Not everyone wants to take that risk. And not everyone can afford to, either.

Thanks for chiming in here! You're exactly the kind of person who is being put in a bad position :( I hope you can figure something out!  (And maybe consider applying for 80k coaching?)

It's not obvious to me that January is correct. For instance, at Yale, more than two thirds of CS majors received their full time job offers in December or earlier (most of these are likely in the tech industry). You often don't have very long to reply to these offers so I wouldn't be surprised if many had to accept prior to January.

I agree that April is later than nearly anywhere else; but I'm also not convinced that January would be better than November. I basically agree with this post but I think people should do their own research on what they're competing with  rather than just deciding on January on the basis of this post.

That's a great point! The exact deadlines differ for each sector. But orgs get a slight advantage for being the first to give out offers, and a massive disadvantage for being the last to give out offers, so it's better to skew earlier than later (if operationally possible). 

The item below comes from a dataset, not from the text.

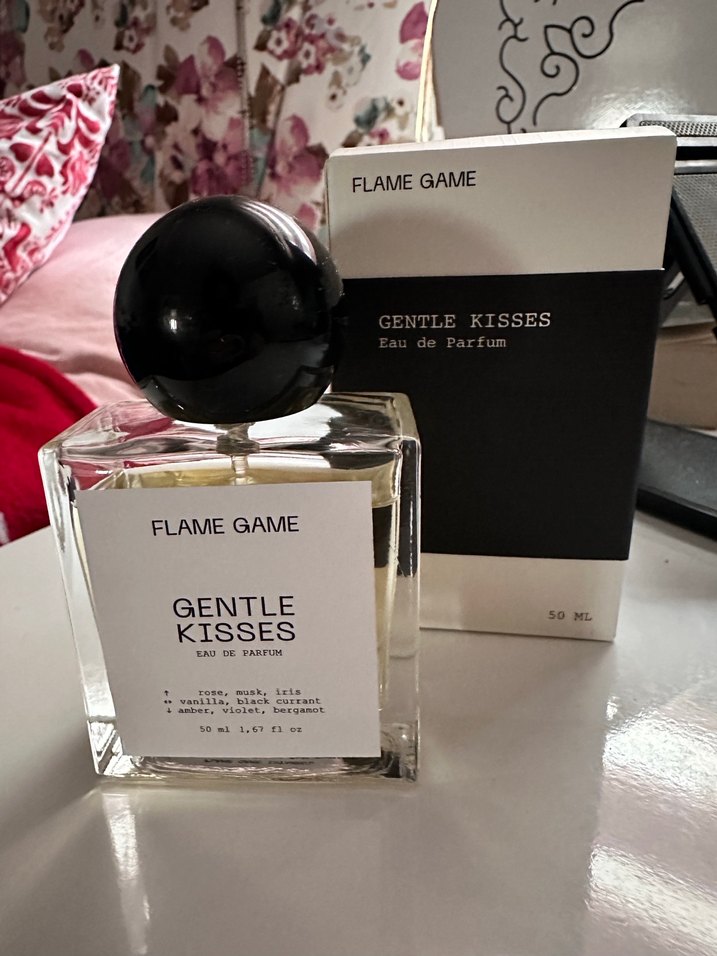 Flame Game Gentle Kisses Eau de Parfum, gül, misk, iris, vanilya, siyah frenk üzümü ve beyaz bergamot notalarına sahip 50 ml şişede sunulur. Temiz ve pudralı bir kokudur. Kalıcılığı çok yüksek. Görsellerdeki gibi az miktarda kullanılmıştır. Bu ürünün stokları flame game in kendisinde tükenmiş olup serinin diğer bir üyesini son görselde güncel fiyatını görmeniz için ekledim. Alacak kişiye şimdiden hayırlı olsun

I've updated the post to say "EA orgs should accept Summer 2023 interns by January" in response to this comment. 

Somewhat embarrassing (for me) how you made the same arguments here, but with more clarity and detail than I have, months before my post 😅 

100% endorse everything you said! Would have linked to this earlier, just didn't see it when you originally posted, sorry!

Honestly both posts are very well written, short and have a lot of content.

This isn't exactly related to the post, but I am a little bit wary about the connotation of more students should have internships / work experience at EA Orgs rather than corporate roles.

I talked to some EAs that say that it's good for EA uni students to get a job outside of EA first. This makes me think that the issue of EA Orgs not having that many uni interns aren't actually a big problem.

Why it may be good to pursue a corporate role:

  • Mistakes made earlier in my career will be much more low stakes
  • Experiencing the world outside the EA bubble
  • Skills such as dealing with people in a workplace, learning how a company runs things are transferrable
  • Financial independence from EA
  • Other personal reasons (financial independence in general, funding for self-improvement stuff like coaching and good therapy)

On the other hand, there are good reasons for EA Interships

  • EA internships can be good for community building because it makes uni students more excited about EA!
  • students can test fit for wide variety of cause areas sooner rather than later.
  • Depending on what you are interested in doing, the skills might be less transferrable (From Charity Entrepreneurship: "Our data shows that a founder who starts now and runs a charity for three years will outperform (at running a charity) someone who does two years work experience in a consultancy and then starts running a charity for a year." -https://forum.effectivealtruism.org/posts/xHC9AYLGjMoZbEWkX/ce-who-underrates-their-likelihood-of-success-why-applying)

I totally agree there is a lot of value in going corporate first. I recommend this route to many people! But it does seem unfortunate to not have the choice between EA/corporate, or have the choice set up pretty badly.